How to Diversify Your Crypto Portfolio?
In this blog, we’ve explained how you can diversify your Crypto portfolio. Keep reading to know more about it.
Variety doesn’t only spice up your life.
If used correctly, it can protect and improve your investment portfolio as well. And it’s nearly a God-given gift for people who are delving into the Cryptocurrency industry.
Why?
Well, the world of Crypto is pretty volatile and unpredictable. Therefore, if you don’t play it strategically, you might end up losing a lot of money.
That wouldn’t be a desirable sight, would it?
That’s why many other investors and I tend to focus solely on diversifying their investments to ensure a safer approach. Keep reading to know how you can do the same as well.
Why is Diversification Important?
Crypto diversification is an investment strategy that involves you dumping your cash in more than one Cryptocurrency module. This way, it becomes easier for you to earn money from lots of different sources. And even if one side of your investment fails, the others will pick it up.
Additionally, by putting all of your eggs in a single basket, you risk losing money from other opportunities. This, in turn, can affect your investment portfolio even more.

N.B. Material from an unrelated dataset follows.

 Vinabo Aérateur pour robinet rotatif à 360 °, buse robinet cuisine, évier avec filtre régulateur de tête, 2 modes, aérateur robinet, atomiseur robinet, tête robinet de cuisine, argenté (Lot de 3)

How to Build a Better Cryptocurrency Portfolio?
Yes, diversification is, indeed, the key to succeeding in the world of Cryptocurrency. But it’s not the only thing you should focus on. In addition to that, you must choose a decent trading or exchange platform. So, don’t forget to do a lot of research on that. To learn more about it, read more here.
Anyway, here’s how you can diversify your Crypto portfolio.

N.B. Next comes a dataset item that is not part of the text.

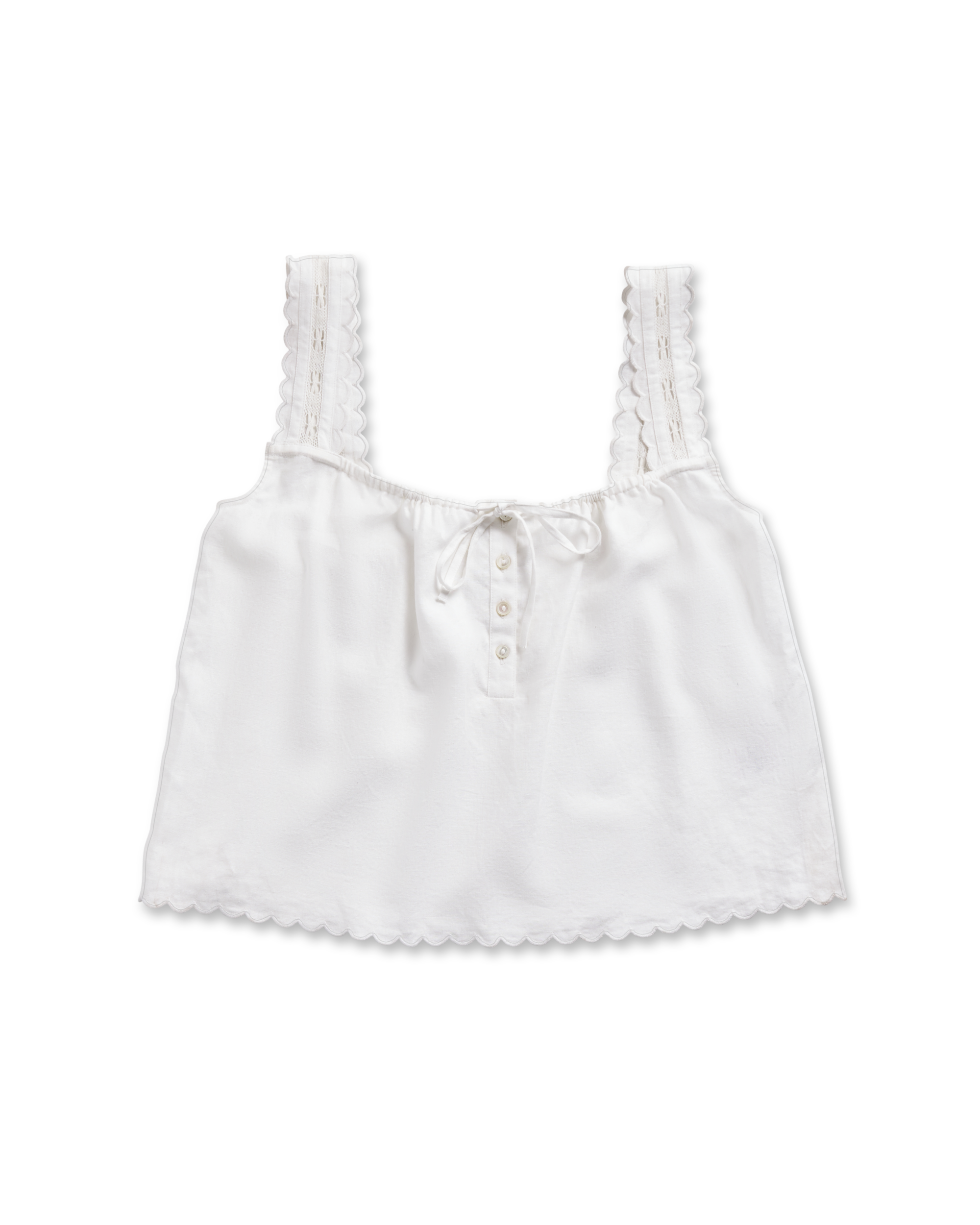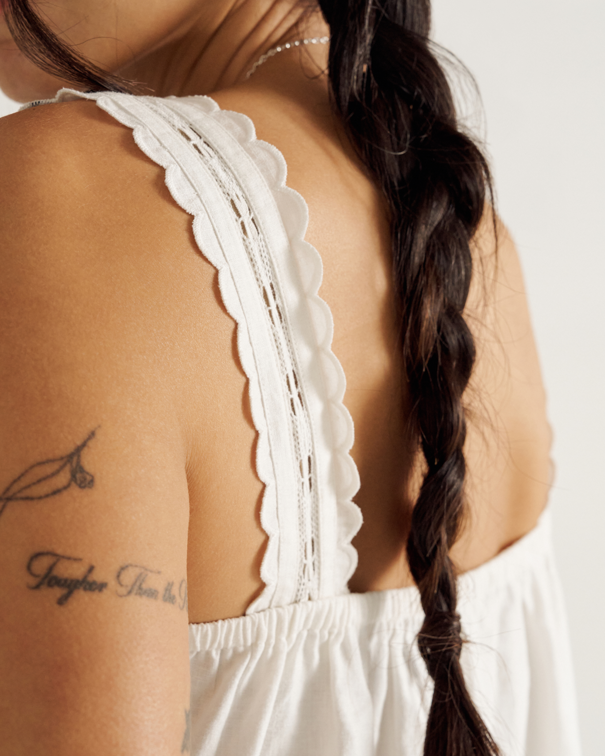 An elevated essential with artisanal details. Scalloped edges, delicate lace, and an adjustable neckline bring a refined touch, while the airy linen blend keeps it effortlessly breathable. Versatile, timeless, and made for sunlit days.

1: Invest with Different Use Cases.
Currently, there are more than 12,000 different Cryptocurrencies available out there. Most of them are created differently and, therefore, have a diverse array of use cases too. Thus, choose one Crypto from a specific use case and then opt for something else that has a different one.
For example, you can select one coin that’s used to make a payment. Then, go for another one that can be used for smart contracts or supply chains.
2: Focus on the Industry Selection.
So, you have invested in two different use cases, right? Well, then, leave that and focus on an industry-based Cryptocurrency option. For example, if you want to go all-in, select something that’s being used in the healthcare segment.
If you wish to play safe, the transportation and supply chain industries can be excellent too. It might seem a little risky to invest in the field of entertainment. But it can also be rewarding.
3: Tap into the Potential of Asset Class.
When it comes to the asset class, you can choose between three different options - stocks, real estate, and bonds. Amongst these, the bonds seem to be a safer option, as they are tied to a specific organization. So, your risk of losing money will be less.
Stocks are a high-risk-high-reward option that can be an option if you have spent a large part of your investment into something else. Or you may opt for the real estate segment too.
Can Diversifying be Risky?
When it comes to Crypto trading, diversification is often considered to be synonymous with -
- Lower price-related volatility.
- Rebalancing your former Crypto holdings, and
- Learning more about the Crypto economy.
However, in some cases, it can be a little risky for you as well. For instance, if you had ended up choosing the wrong options, your investment return would be pretty low. Also, selecting different niches for your diversification dream can be quite time-consuming. Finally, trading or selling a Crypto-based asset can also generate a tax liability for investors.
So, Should You Do It?
Absolutely!
As mentioned before, the world of Cryptocurrency is quite unpredictable. So, the risk of you losing your money will be pretty high.
Yes, diversification can sometimes get you a smaller profit on the investment you have made. But it can also ensure that you are not losing your money for some absurd reason.
In my opinion, no matter where you are investing your money, diversifying it properly will be important for you. Now, if you don’t have any idea about how to do it, talk to an experienced investor. They’ll tell you about the tricks that can get you gold through this strategy.